• **Action item**
Copy the listing exactly, please, and keep every picture out of it.

• **Exercise data**
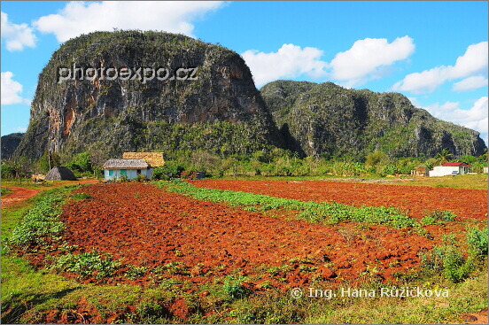 Zemědělská pole a mogoty - zvláštní kopce, které jsou vlastně skalními krasovými útvary vzniklými před cca 100 miliony let, kdy se v období křídy celá tato oblast podemílaná podzemní vodou propadla a zůstaly stát pouze erodované stěny. Na stráních těchto mogot lze pozorovat krápníky a další krasové útvary. Oblast Vinales, Kuba.
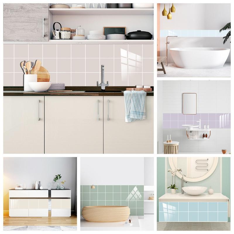 10pcs Set Morandi Solid Colors Self Adhesive Waterproof and Oil Resistant Wall Stickers for Kitchen and Bathroom Home Decoration — koupit online v obchodě na marketplace Joom
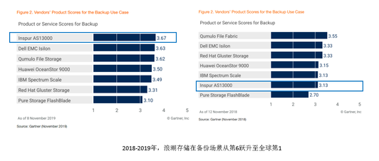 对容量和价格比较敏感的备份场景,是分布式存储的传统优势应用场景之一。而备份也是浪潮存储本次跃升最大的场景,从2018年的排名第六,一举跃升到了2019年的排名第一,说明了浪潮在分布式存储领域的发展速度。
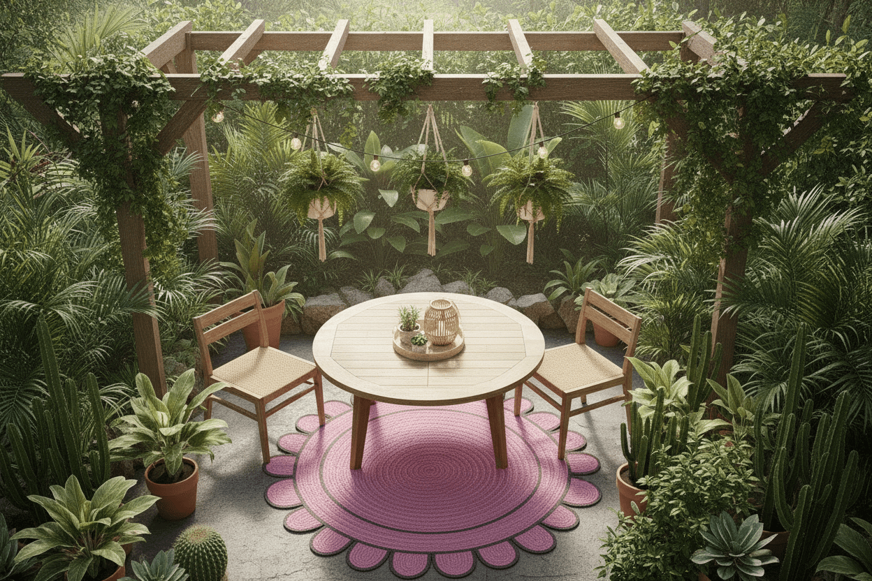 Handmade Scalloped Round Jute Rug - Pink

• **Output below**
 Zemědělská pole a mogoty - zvláštní kopce, které jsou vlastně skalními krasovými útvary vzniklými před cca 100 miliony let, kdy se v období křídy celá tato oblast podemílaná podzemní vodou propadla a zůstaly stát pouze erodované stěny. Na stráních těchto mogot lze pozorovat krápníky a další krasové útvary. Oblast Vinales, Kuba.
 10pcs Set Morandi Solid Colors Self Adhesive Waterproof and Oil Resistant Wall Stickers for Kitchen and Bathroom Home Decoration — koupit online v obchodě na marketplace Joom
 对容量和价格比较敏感的备份场景,是分布式存储的传统优势应用场景之一。而备份也是浪潮存储本次跃升最大的场景,从2018年的排名第六,一举跃升到了2019年的排名第一,说明了浪潮在分布式存储领域的发展速度。
 Handmade Scalloped Round Jute Rug - Pink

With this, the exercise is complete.